The further I get, the more frightened..

iVillage Member
Registered: 04-16-2004
The further I get, the more frightened..
6
Thu, 04-22-2004 - 12:35pm
I become.

I posted last week - I'm not sure how many of you saw it. Brief snyopsis of my story:

This will be my 11th pg. I have three beautiful daughters, 15, 7, 5,; had 6 m/c's and lost a son on 12/3/04 at 22 weeks. I have been diagnosed with APS and was on heparin injections and baby aspirin with my son. I had no intentions of being pg again. I even came to terms with the fact that we were done and moved on with my life. Now, after a little carelessness in the b/c department, here I am. I'm 6 weeks and absolutely terrified. I have a dr. appt. next week and I anticipate that they will put me on heparin injections again. But since they didn't work the last time, I'm terrified they won't work again. I can't bear the thought of... well, you know.

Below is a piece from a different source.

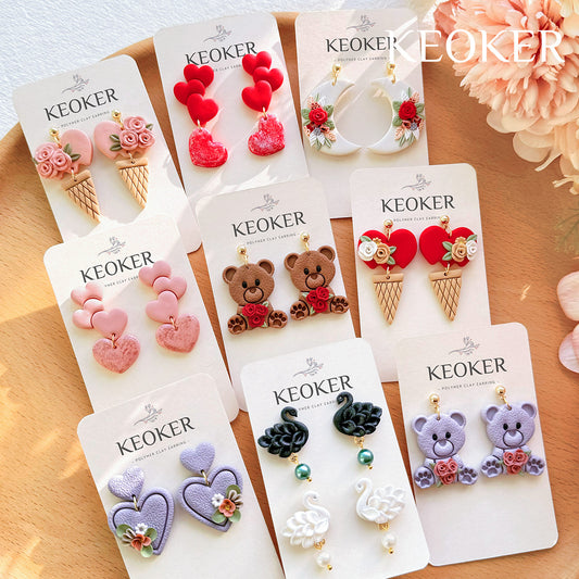 KEOKER Valentine's Day Polymer Clay Earrings, Heart Clay Earrings

Anyway, I could really use some prayer and positive thoughts. I've prayed pretty much constantly and although I know it's in God's hands, it's really hard to trust. REALLY hard. I will visit here often because I know you ladies are really good at providing support. And since we've decided to keep this to ourselves, there's no one else to talk to. I will provide what support I can when I can in return. :)

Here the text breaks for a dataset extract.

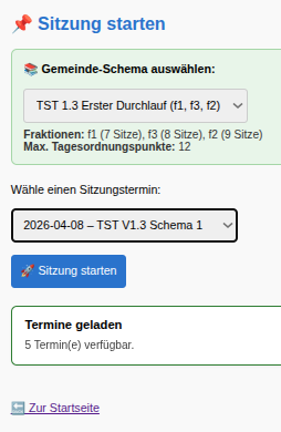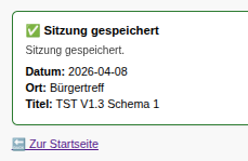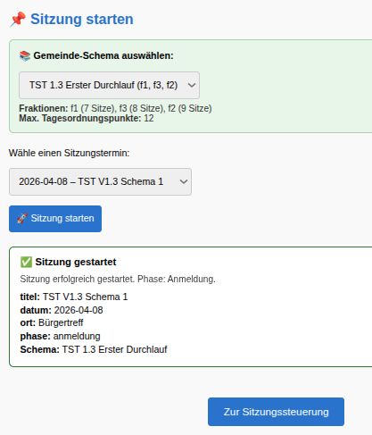Der Start der Sitzung wird bestätigt mit Angabe von Datum und Ort der Sitzung sowie unter Angabe des gewählten Schemas.

Thanks for letting me vent a bit. I have each and everyone of you in my prayers. I wish you only the best of luck!!

Julie

Julie, proud mama to
Chelsi (10/2/88)
Hannah (7/4/96)
Madison (12/6/98)
Jon Leslie (born sleeping 12/3/02)
Sydney Allison (edd 12/17/04)

iVillage Member
Registered: 09-01-2003
Thu, 04-22-2004 - 12:49pm
Julie,

Big hugs!!! I think paranoia becomes such a natural thing for us when we're pregnant, especially when you have very realistic fears and concerned, that it's a miracle all by itself that we're able to function normally or ever return to sanity again!

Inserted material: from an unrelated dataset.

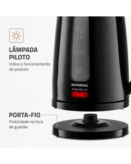 Chaleira Eletrica Pratic Hot 1,7l Ce-17 Preto 220v Mondial

I hope that you're able to get lots of support from your family and friends, as well as on this board, and that you're able to take good care of yourself. Some people feel better when they're able to distract themselves from the source of their worry, others feel better to talk it out, others try to make themselves as numb as possible to just get through the rough times. There's no right way to cope - just do whatever works best to get your through the day, and when tomorrow rolls around, see how you're feeling then, and then do whatever is best for you to get through that day.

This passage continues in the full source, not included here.